If each protein has a molecular weight of 100,000 g/mol, calculate moles:\[\text{Moles of protein} = \frac{3.77 \times 10^{-10}}{100,000} = 3.77 \times 10^{-15} \text{ mol} \]

Calculate Molar Concentration of Each Enzyme Type

Since there are 1,000 different enzymes, divide the total moles by 1,000 to find moles of each enzyme:\[\text{Moles of each enzyme} = \frac{3.77 \times 10^{-15}}{1,000} = 3.77 \times 10^{-18} \text{mol/enzyme type} \] Find the concentration by dividing the moles of each enzyme by the volume of the cell in liters:\[\text{Concentration of each enzyme} = \frac{3.77 \times 10^{-18}}{1.57 \times 10^{-12}} = 2.40 \times 10^{-6} \text{ M} \]

Key concepts

Molar Concentration

When we talk about molar concentration, we refer to the amount of a particular substance (or solute) present in a certain volume of solution. It's essentially a way of expressing concentration in terms of moles per liter (M). In our exercise, we were tasked to find the molar concentration of each enzyme within a bacterial cell. Here's how we approached it:

• We started by calculating the moles of the soluble protein, using its molecular weight and the mass already determined.
• Next, since the problem assumes equal concentrations of 1,000 different enzymes, each with a molecular weight of 100,000 g/mol, we divided the total moles by 1,000 to get the moles of each enzyme type.
• Finally, using the bacterial cell's volume in liters, we divided the moles of one enzyme type by this volume to determine the molar concentration, which turned out to be approximately \( 2.40 \times 10^{-6} \text{ M} \).

Understanding molar concentration helps in visualizing how dense a solution is with respect to its solute, crucial for biological and chemical applications.

Bacterial Cell Volume

The volume of a bacterial cell is crucial for calculating concentrations within the cell. In our problem, the cell was shaped like a cylinder, which made the computation straightforward. Using the formula for the volume of a cylinder, \( V = \pi r^2 h \), we calculated the cell's volume based on the given diameter and height.

• The diameter of the cell is \( 1.0 \mu m \), which we converted to a radius of \( 0.5 \mu m \) for our calculation.
• The height given is \( 2.0 \mu m \), thus using the formula, the volume achieved was roughly \( 1.57 \mu m^3 \).
• To facilitate the following calculations, we converted this volume into liters resulting in \( 1.57 \times 10^{-12} \text{ L} \).

Understanding the volume allows us to accurately determine the space within which the proteins are dissolved, critical for calculating concentrations.

Enzyme Molecular Weight

Enzyme molecular weight is a key factor in determining how much of the enzyme is present in terms of moles. In many biological studies, enzymatic activities are associated with their molecular weights, often expressed in g/mol.
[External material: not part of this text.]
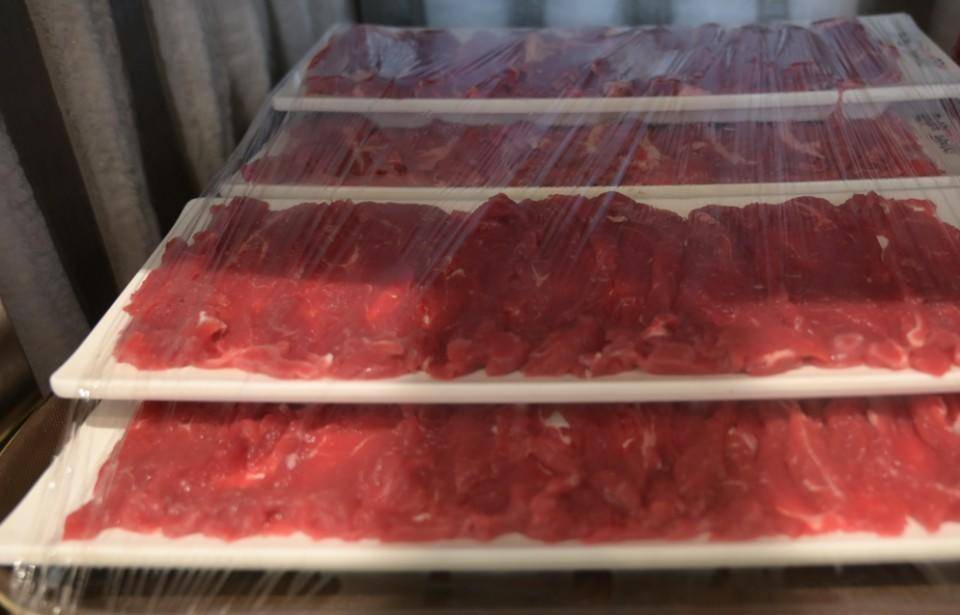 在南城十里鲜切火锅恒隆广场店,吧台对面就是肉类鲜切明档。“我们的家的涮肉都是新鲜切制,而且是明档操作,想吃什么部位的牛肉直接和师傅说。”酒店工作介绍,由于是闭餐时间,鲜切明档的置物架上已经空无一物,食品级不锈钢打造的置物架已经擦得干干净净。

• In this particular exercise, a uniform molecular weight of 100,000 g/mol was assumed for each enzyme. This assumption simplified our calculations, allowing us to focus on deriving concentration rather than dealing with varying protein sizes.
• Given the total mass of soluble protein, this molecular weight was essential to calculate the total moles of protein within the cell.
• Understanding the molecular weight of enzymes aids in various applications, including drug formulation, enzyme assays, and metabolic engineering.
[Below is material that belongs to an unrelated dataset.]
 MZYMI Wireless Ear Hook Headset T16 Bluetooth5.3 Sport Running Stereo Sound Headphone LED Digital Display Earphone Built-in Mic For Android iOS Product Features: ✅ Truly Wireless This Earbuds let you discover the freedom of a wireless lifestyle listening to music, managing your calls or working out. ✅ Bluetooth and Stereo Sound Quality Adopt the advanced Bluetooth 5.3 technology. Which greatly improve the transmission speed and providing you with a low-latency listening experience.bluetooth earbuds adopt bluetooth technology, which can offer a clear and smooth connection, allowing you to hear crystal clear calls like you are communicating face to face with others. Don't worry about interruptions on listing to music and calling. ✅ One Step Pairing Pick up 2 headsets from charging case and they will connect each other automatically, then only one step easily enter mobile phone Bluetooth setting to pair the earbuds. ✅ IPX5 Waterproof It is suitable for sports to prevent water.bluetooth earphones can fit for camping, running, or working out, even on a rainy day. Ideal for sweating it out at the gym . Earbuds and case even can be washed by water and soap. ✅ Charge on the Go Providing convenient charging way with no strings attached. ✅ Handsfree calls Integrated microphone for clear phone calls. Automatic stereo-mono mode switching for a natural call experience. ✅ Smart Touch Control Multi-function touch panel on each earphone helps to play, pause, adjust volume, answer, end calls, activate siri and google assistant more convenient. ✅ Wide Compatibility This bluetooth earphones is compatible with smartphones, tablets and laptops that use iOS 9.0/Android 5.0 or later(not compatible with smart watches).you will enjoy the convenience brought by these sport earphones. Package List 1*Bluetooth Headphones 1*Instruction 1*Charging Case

Enzyme molecular weights are generally experimentally determined, and this exercise highlights their importance in intracellular concentration calculations.

Soluble Protein Calculation

Soluble protein calculation involves finding out just how much protein is present within the cell. This is significant as enzymes, being largely proteins, dictate most biochemical reactions. Here's how we approached the calculation:

• First, we used the cell's volume and the specific gravity of the cytosol to determine the mass of the cytosol.
• Given that proteins make up 20% of this mass, we proceeded to find the exact mass of the soluble proteins.
• This mass allowed us to calculate the total moles of protein by integrating molecular weight, providing a basis for eventually finding the concentration of individual enzymes.

Calculating soluble protein is fundamental in cell biology, as it impacts the understanding of metabolic capacities and the cell's enzymatic potential.